Have you ever stood naked in front of a mirror? There is nothing that you can hide.  Every imperfection is visible. Grant it, when you are in your prime, there are less flaws, than there are as you age.  Have you ever read the story of ‘Dorian Gray?’ It is about a young man who wants to keep his good looks so he can have the life of abandonment it can bestow on him, without any consequences. He sells his soul, and a painting of him is scarred and grows uglier with each infraction of any moral or honorable code of conduct. By the end of the story, his painting is a hideous monster of a human, and Dorian dies, turning as ugly as his life, when the picture is destroyed. What would happen if we had pictures painted of ourselves painted with the ability to show each of our impure thought and selfish deed? How badly would our own portrait look after our life was spent? Or perhaps if we had a mirror that acted like an x-ray, and would show our hearts on a daily basis.  How black and hardened do you think our hearts would look?

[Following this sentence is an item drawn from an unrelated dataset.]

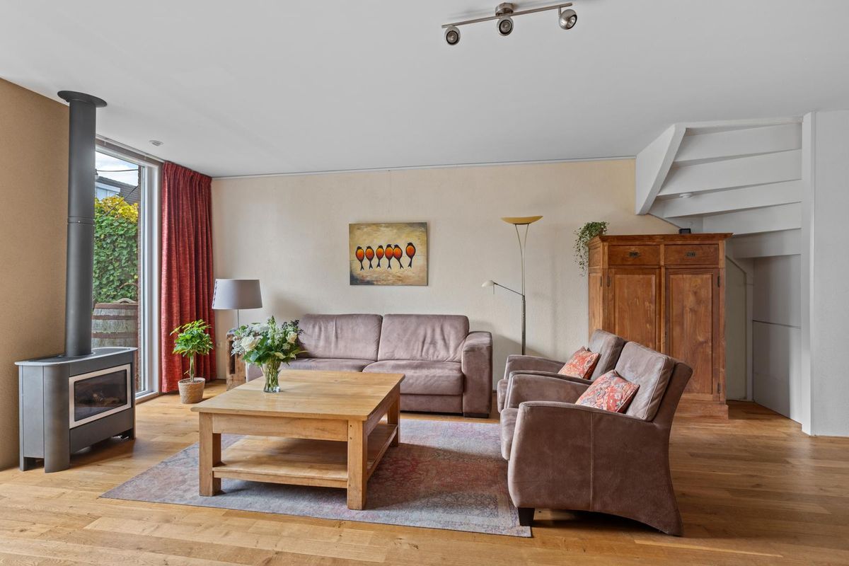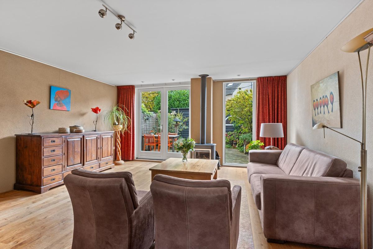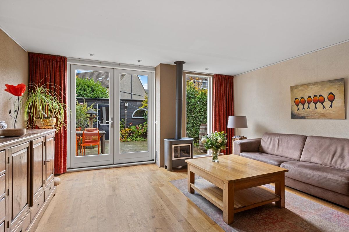Zodra je binnenstapt, kom je midden in de gezellige living terecht. Je oog valt direct op de fijne zithoek aan de achterzijde, waar de openslaande deuren en het hoge raam voor een prachtige lichtinval zorgen. De hoogte van het glas geeft de ruimte een open en ruimtelijk gevoel. De gaskachel maakt het geheel compleet en nodigt uit om lekker te ontspannen met een goed boek of een kop thee na een drukke dag.
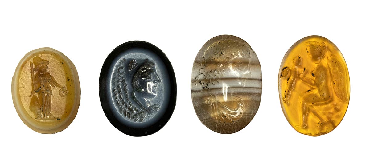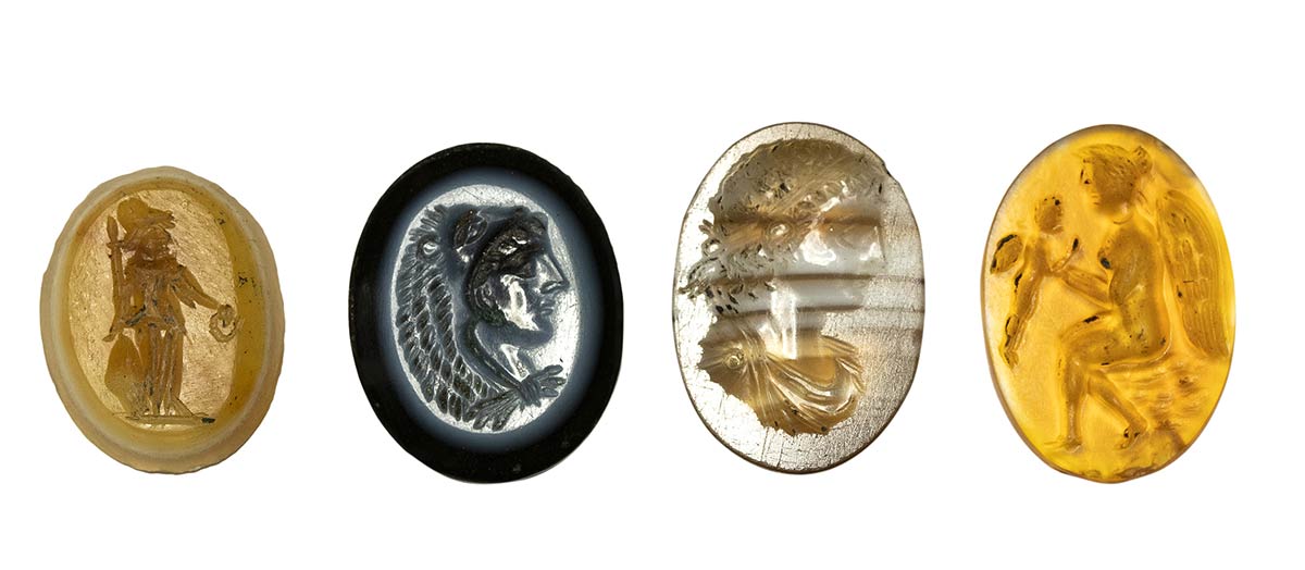 From left to right: A three-layered agate helmeted Minerva standing, turned right. A nicolo intaglio with portrait of Hercules turned right and wearing the lion skin. A banded agate intaglio with the bust of an hellenistic ruler turned right.

We are coming into the Christmas Season, and of whom are we thinking?  Are we looking for kudos, or affirmation for the gifts we choose to give this year?  Are we driven by gaining favor for the choices we make, or are we thinking of the person to which we intend to give the gift?  Will ours be the most expensive, most extravagant and useless gift as long as it makes us look good? Christmas is to remind us that Jesus was born with the intent of giving the most precious gift, his life.  We didn’t even need to ask, but he knew exactly what we needed, and gave it willingly. So in your holiday shopping this year, examine yourself and ask: why am I giving this gift?  Is it going to make me look good, or is good for the person to which I intend to give it.  They may not even know they need it, but search your memory and your heart, what gift did you get that, meant the most, or made you a better person, having received it? Shop with your heart not your gold master card! Sometimes the best gifts you can give are of your time, and family building gifts, not gifts that will encourage alone time, breaking down more of the family interaction, and family bonding time. Look in the mirror, before you make you Christmas wish list. What is important to you? What will make you a better, lovelier person inside and out? What will make the people in your life better?

As parents it is important to keep Christmas from becoming too commercial in our children’s lives.  Ask them why they want the gifts for which they ask. Teach them to be givers, help them be beautiful on the inside and outside. Read the Christmas story right out of the Bible, making it a family tradition, and putting Christmas back into perspective.

We as writers rely on Santa to fulfill many Christmas wishes.  But Santa is the spirit of giving and not receiving, so let’s try to convey that side of the holidays, and not the give me side.

“How many are my iniquities and sins? Make known to me my transgressions  and my sin.

Job 13:23

Stand in awe, and sin not: commune with your own heart upon your bed, and be still. Selah.

Psalms 4:4

I call to remembrance my song in the night; I will commune with my own heart, And my spirit made a diligent search. 

Psalms 77:6

I thought on my ways And turned my feet unto Your testimonies.

Psalms 119:59

‘Surely after that I turned back, I repented; And after I was instructed, I smote upon my thigh; I was ashamed, yea, even confounded, Because I did bear the reproach of my youth.’

Jeremiah 31:19

Let us search and try our ways, And let us turn again to the LORD.